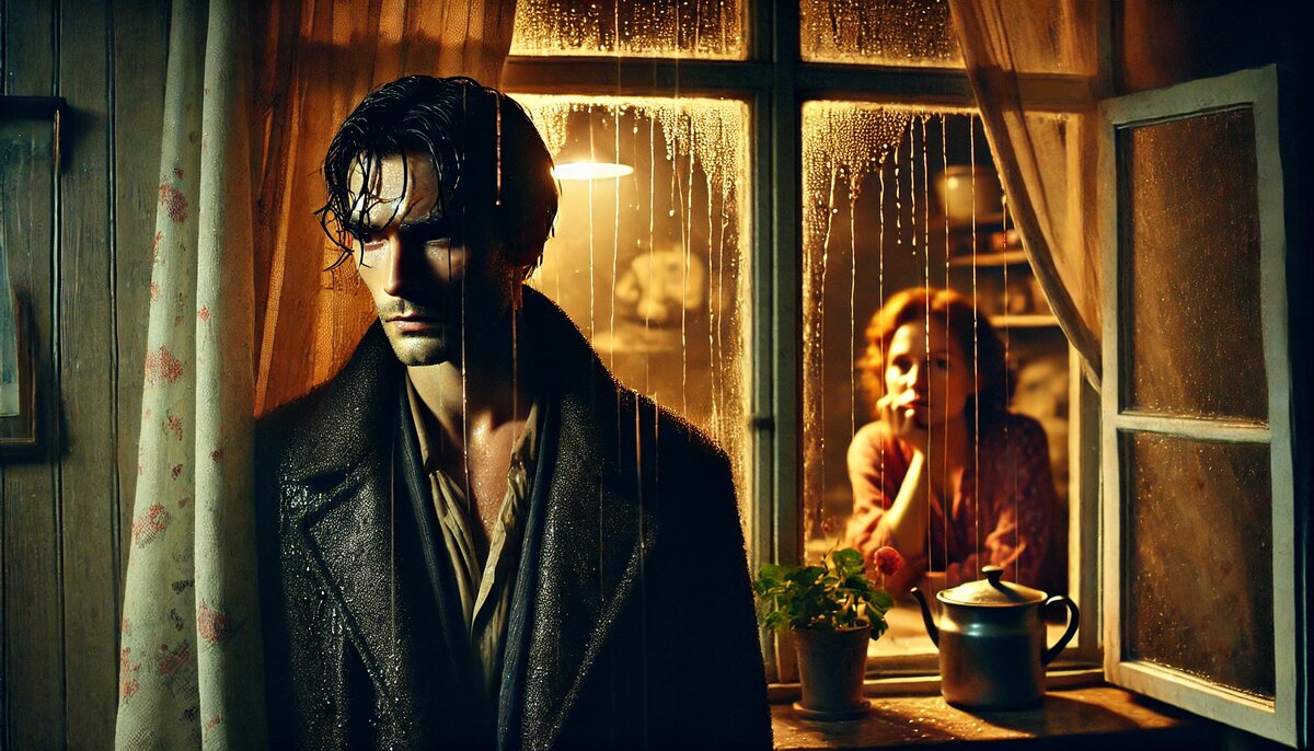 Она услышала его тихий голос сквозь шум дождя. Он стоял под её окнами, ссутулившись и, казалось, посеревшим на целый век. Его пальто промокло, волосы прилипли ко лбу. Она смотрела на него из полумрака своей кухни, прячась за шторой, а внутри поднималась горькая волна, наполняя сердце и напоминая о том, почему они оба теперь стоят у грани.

________________

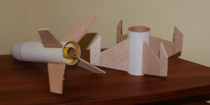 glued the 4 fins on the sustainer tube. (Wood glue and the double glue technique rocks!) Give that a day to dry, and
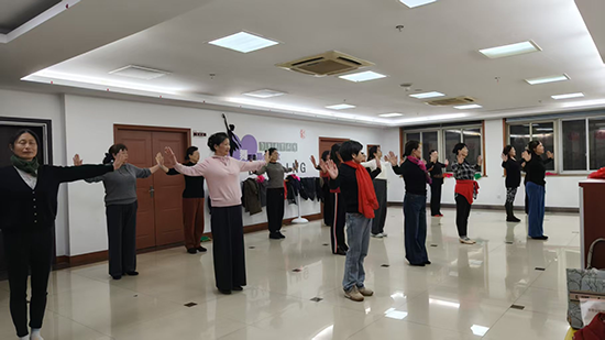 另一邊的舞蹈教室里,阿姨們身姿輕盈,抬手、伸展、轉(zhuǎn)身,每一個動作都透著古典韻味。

________________

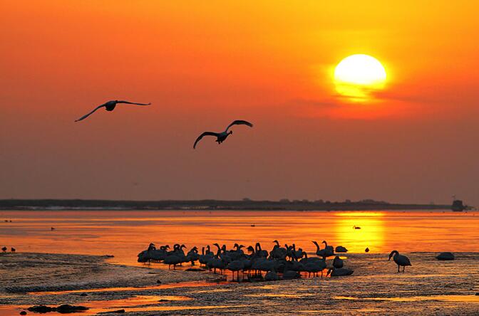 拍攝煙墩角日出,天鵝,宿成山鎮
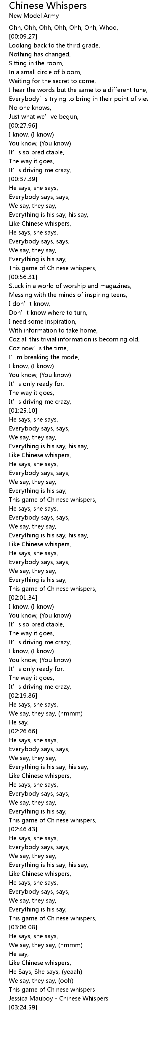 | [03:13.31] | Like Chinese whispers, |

________________

● What is required: Text only, no pictures: please print exactly the lines above from the line with "glued the 4" up to and including the line with "另一邊的舞蹈教室里,阿姨們身", and nothing else.

● Task result:
 glued the 4 fins on the sustainer tube. (Wood glue and the double glue technique rocks!) Give that a day to dry, and
 另一邊的舞蹈教室里,阿姨們身姿輕盈,抬手、伸展、轉(zhuǎn)身,每一個動作都透著古典韻味。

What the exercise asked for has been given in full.